Reference levels: Nifty 50 at 24,300, Reliance Industries at ₹1,300, Bank Nifty futures at 55,000 (lot size 30). Examples below show how Protective Put shows up on Indian index, equity, and futures books — update to live quotes in your journal.

Nifty 50 perspective

Nifty at 24,300: weekly/monthly option chains centre on round strikes (24,000 / 24,500). Protective Put on ATM Nifty options shifts quickly into expiry — India VIX and event risk (RBI, budget) reprice premiums independent of spot.

Reliance Industries perspective

Reliance at ₹1,300: stock options are American-style on NSE with liquidity concentrated near ATM strikes. Protective Put behaviour on ₹1,300 handle differs from index options — watch assignment on short ITM legs before expiry.

Bank Nifty futures perspective

Bank Nifty futures at 55,000: hedging with options or trading protective put on Bank Nifty weekly contracts — theta and gamma rise sharply into Thursday expiry; futures leg has no time decay but carries overnight gap risk.

How to validate

  • Validate Protective Put separately for index weeklies vs stock options.
  • Stress-test with expiry-week and event-week subsets (RBI, budget, results).
  • Confirm margin and tail-loss scenarios are logged for short premium books.
  • Discard readings polluted by untagged discretionary adjustments.
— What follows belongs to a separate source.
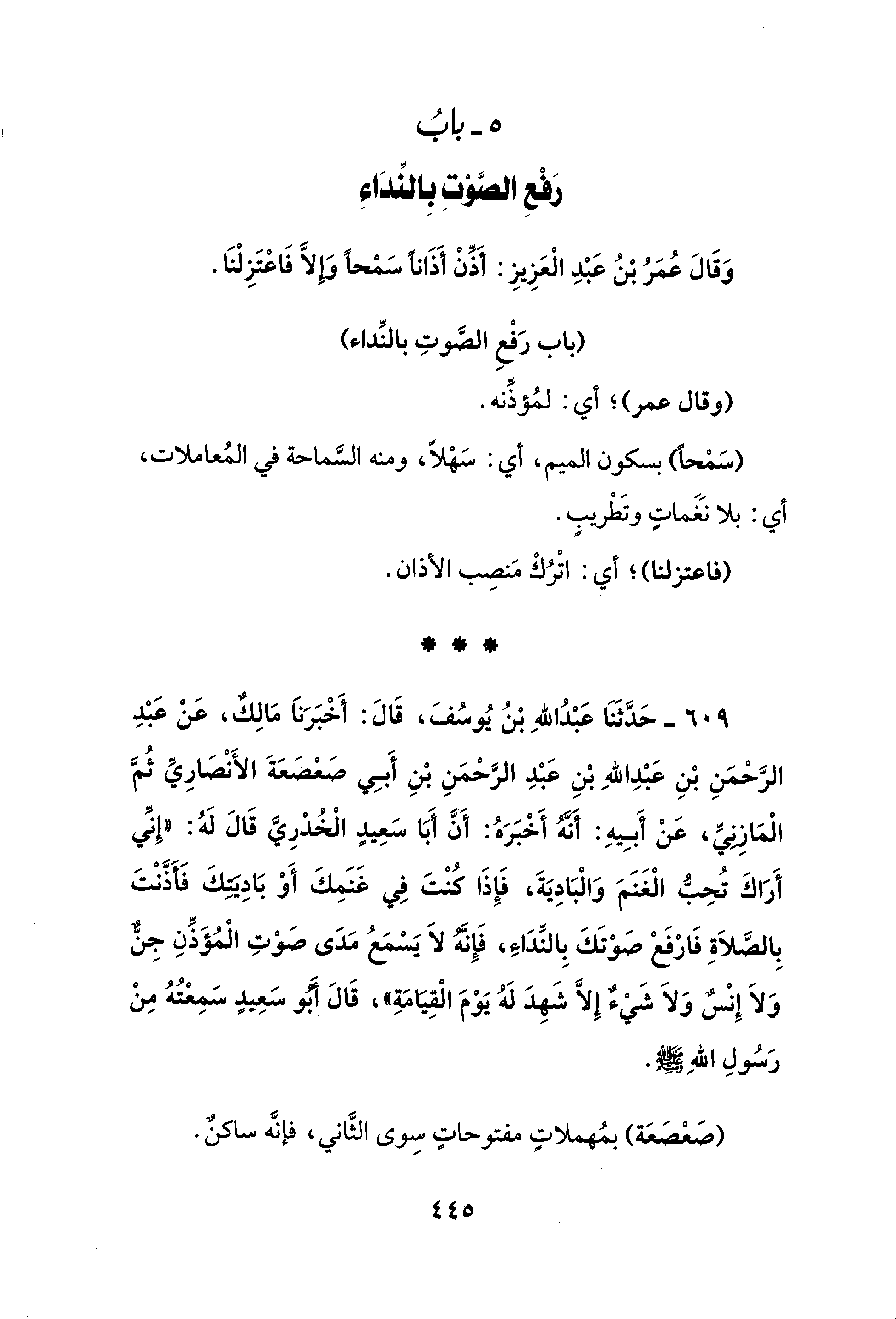 609 - حَدَّثَنَا عَبْدُ اللهِ بْنُ يُوسُفَ، قَالَ: أَخْبَرَناَ مَالِكٌ، عَنْ عَبْدِ الرَّحْمَنِ بْنِ عَبْدِ اللهِ بْنِ عَبْدِ الرَّحْمَنِ بْنِ أَبِي صَعْصَعَةَ الأَنْصَارِيِّ ثُمَّ الْمَازنيِّ، عَنْ أَبِيهِ: أنَّهُ أَخْبَرَهُ: أَنَّ أَبَا سَعِيدٍ الْخُدْرِيَّ قَالَ لَهُ: "إِنِّي أَرَاكَ تُحِبُّ الْغَنَمَ وَالْبَادِيَةَ، فَإذَا كُنْتَ فِي غَنَمِكَ أَوْ بَادِيَتِكَ فَأذَّنْتَ بِالصَّلاَةِ فَارْفَعْ صَوْتَكَ بِالنِّدَاءَ، فَإنَّهُ لاَ يَسْمَعُ مَدَى صَوْتِ الْمُؤَذِّنِ جِنٌّ وَلاَ إِنْسٌ وَلاَ شَيْءٌ إِلَّا شَهِدَ لَهُ يَوْمَ الْقِيَامَةِ"، قَالَ أَبُو سَعِيدٍ سَمِعْتُهُ مِنْ رَسولِ اللهِ - صلى الله عليه وسلم -.

How to track in TradeLyser

  • Tag every leg: structure, DTE, moneyness, and whether Protective Put was a primary driver.
  • Log planned max loss ₹ on entry for short premium strategies.
  • Weekly: list open short ITM/ATM legs before expiry with a written roll/close rule.
  • Separate F&O account tags from cash equity for Protective Put statistics.

Best practices

  • Size Protective Put trades with margin headroom for gaps and assignment.
  • Prefer defined-risk structures when learning a new options concept.
  • Roll or close based on written DTE rules, not convenience.
  • Keep weekly index and monthly stock books in separate tags.

Common pitfalls

  • Short premium without defined max loss while Protective Put risk builds.
  • Holding illiquid stock options into expiry without a plan.
  • Blending index and stock gamma exposure in one tag.
  • Ignoring margin spikes on gap opens.

How to use this in TradeLyser

Log put strike, premium, and stock lot; review hedge P&L vs stock move.

Related terms

FAQ

Put strike at ATM or OTM?

Lower strike cheaper, less protection — note choice.

Hedge every long?

Plan says when required — tag optional hedges.